Member of the U.S. House of Representatives from New York's 9th district
- In office March 4, 1801 – March 3, 1803
- Preceded by: Jonas Platt
- Succeeded by: Killian K. Van Rensselaer

Personal details
- Born: 1753 London, England
- Died: January 13, 1818 (aged 64–65) Utica, New York, U.S.
- Resting place: Forest Hill Cemetery Utica, New York, U.S.
- Party: Federalist Party
- Occupation: Soldier; politician;

= Benjamin Walker (Continental Army officer) =

Continental Army officer, businessman, and politician

Benjamin Walker (1753 – January 13, 1818) was a Continental Army officer, businessman, and politician who served in the American Revolutionary War and later served as a United States representative from New York.

==Early life==
Benjamin Walker was born in England in 1753.

Through a Blue Coat School he received "not a brilliant, but a solid education."

After his schooling, Walker spent some time in France where he gained fluency in French. Peter Stephen Du Ponceau, a native French speaker and linguist, would eventually describe Walker as a "master of the French language."

At a young age, he entered into a respectable merchant house in London that brought him to the United States.
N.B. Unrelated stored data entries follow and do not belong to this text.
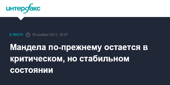 Мандела по-прежнему остается в критическом, но стабильном состоянии
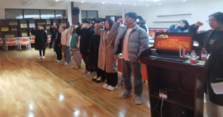 在支部书记樊菊同志的带领下全体党员面向党旗共同重温入党誓词,通过宣誓党员同志们更加坚定了自己的理想信念,不忘初心,牢记使命。
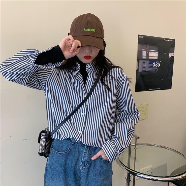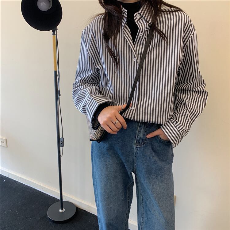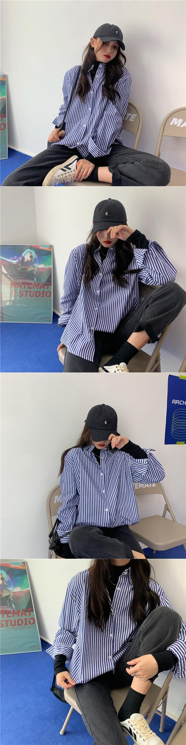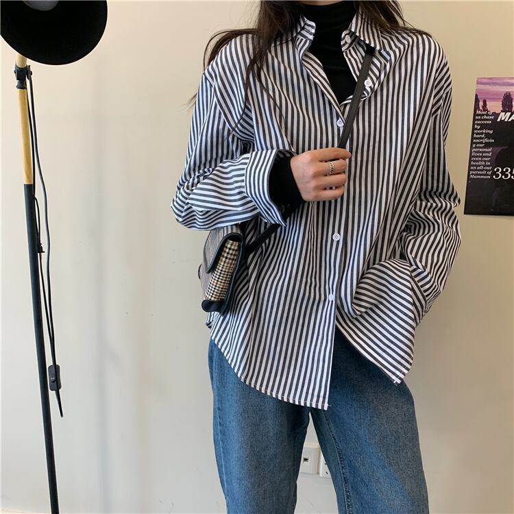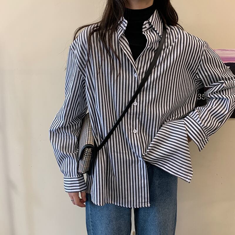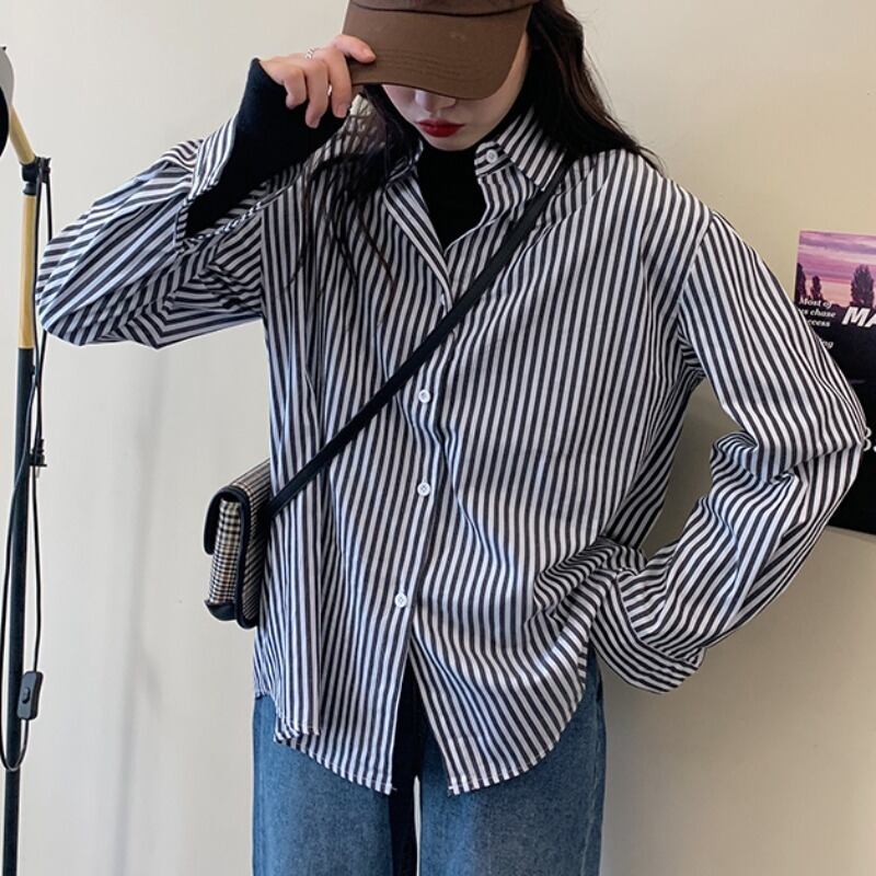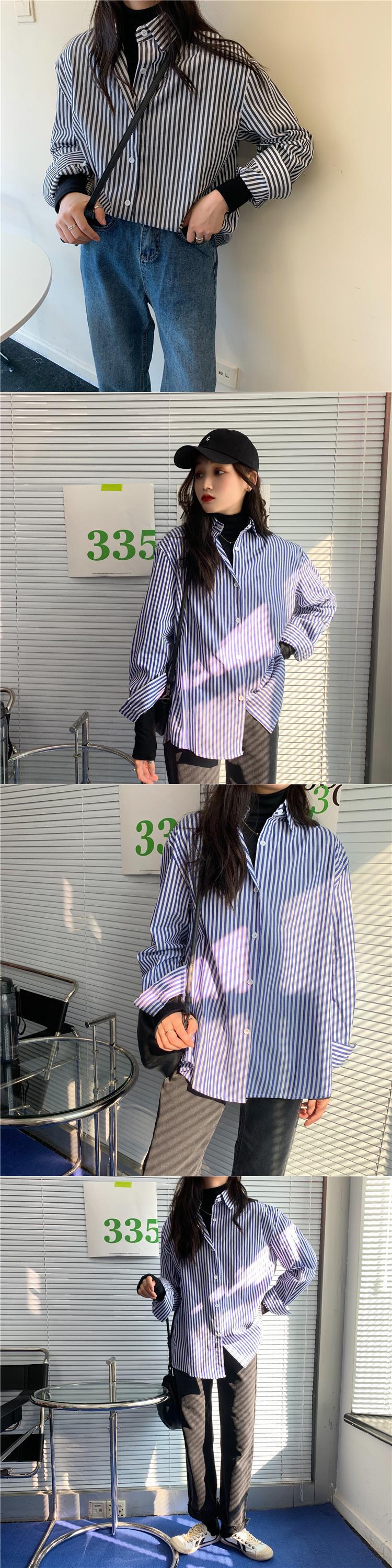ストライプシャツ レディーススプリングカジュアルルーズスリムトップス ロング 春物 YY-ファッション78951272254
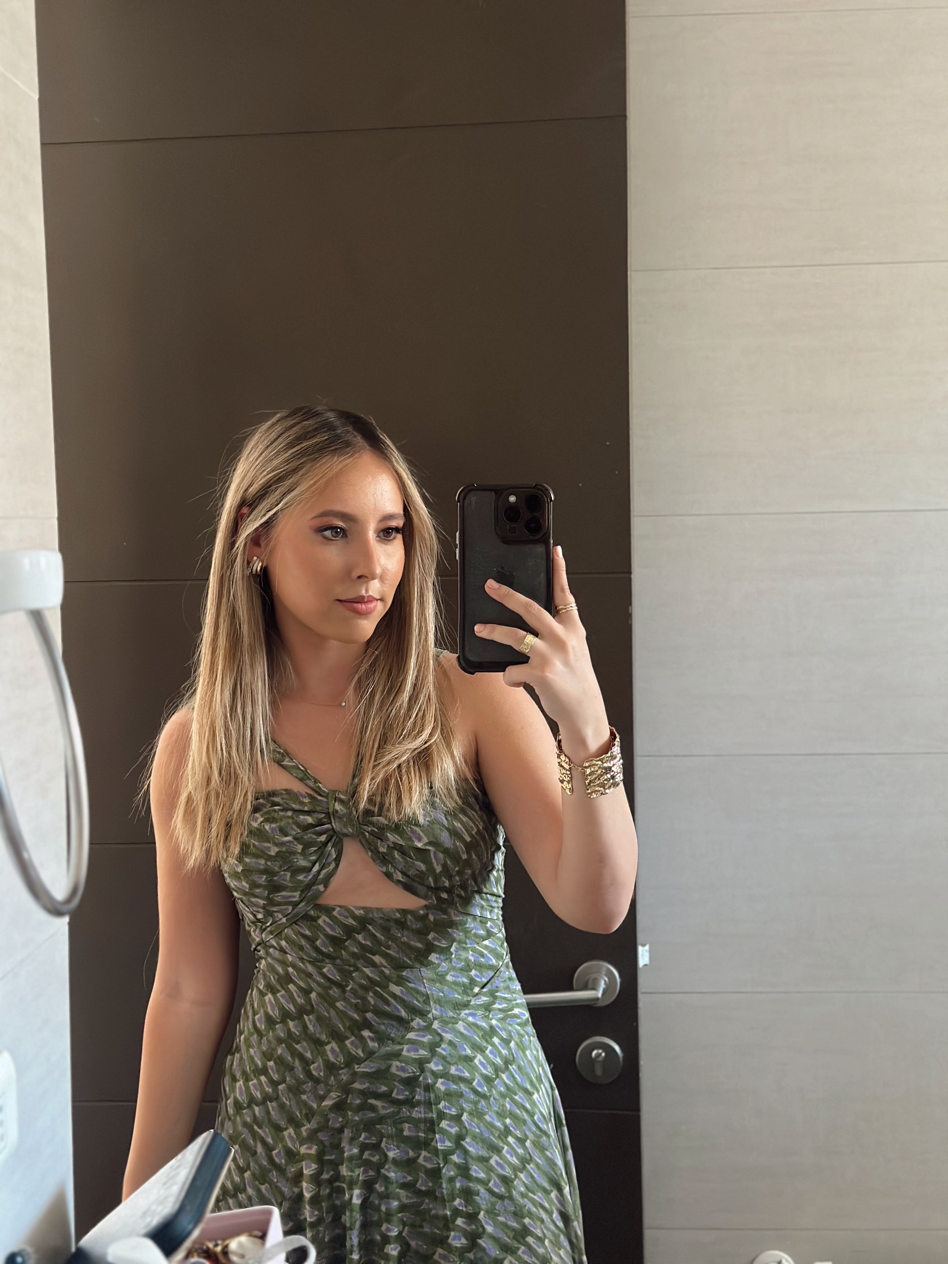 Maxi vestido caído con aberturas y un movimiento de lo más elegante. Escote con tiras al cuello anudadas con doble posibilidad de posición en la parte trasera. Espalda descubierta con la que resaltar tu bronceado este verano y cierre trasero con cremallera. Su tejido con motivos de pinceladas en tonos verdes y lilas lo hacen muy especial. Combínalo con una capa de seda lila o violeta y con tacones para un look más elegante o con zapato plano para un look más casual!

He settled in New York City and resided with an eminent merchant until joining the Revolutionary War.

==Career==

===Military career===
Walker was first appointed as Captain of the Second New York Regiment in the Revolutionary War.

On the 25th of April, 1778, he was appointed as an aide-de-camp to General Friedrich Wilhelm von Steuben.

Walker's fluency in French is what brought him to the attention of Baron von Steuben. Steuben's limited English at times frustrated his attempts to drill the soldiers at Valley Forge in complicated maneuvers. On one such occasion, Walker stepped forward and offered his assistance in perfect French. Gratified, Steuben would later reflect, "If I had seen an angel from Heaven I should not have more rejoiced." Within weeks, Walker was placed in his new position.

Superintending his correspondence, Walker was a special help with translating Steuben's words. Steuben would dictate in French and Walker would transcribe in English. Virtually all of the drafts for Steuben's reforms and plans for the Continental Army are in Walker's handwriting. Walker further acted as translator when necessary during inspections and reviews the Baron conducted.

Alongside others, Walker assisted Steuben with his Blue Book, particularly providing knowledge of American military terminology.

At the close of the war Walker was appointed as an aide-de-camp to General George Washington. On December 23, 1783, he accompanied Washington to the resignation of his commission as commander-in-chief. In a letter suggesting men for military appointment, the General included Walker "among the most intelligent and active Officers of the late American Army".

===Civic and political career===

By September 1789, Walker was the New York customs naval officer. From March 21, 1791, until February 20, 1798, Walker served as a captain and the naval officer of customs at the port of New York.

Walker later worked as the First Secretary to the Governor of New York and as a broker.

He moved to Fort Schuyler (now Utica), in 1797, where he worked as an agent of the great landed estate of the Earl of Bath.

Walker was elected as a Federalist to the Seventh Congress (March 4, 1801 - March 3, 1803). After his tenure, he declined to be a candidate for renomination in 1802.

==Personal life==

=== Relationship with Steuben and North ===
Together with a fellow aide-de-camp, William North, he was formally adopted by Steuben, and made his heir. Some historians believe that these "extraordinary intense emotional relationships" were romantic, and given Steuben's reported earlier behavior, it has been suggested it would have been out-of-character for him if they were not. It has also been posited that while Walker held Steuben in high esteem, and had no scruples about exploiting his attraction for him, he had no intention of reciprocating. However, without more substantive evidence turning up, the exact nature of the relationships is impossible to conclusively define.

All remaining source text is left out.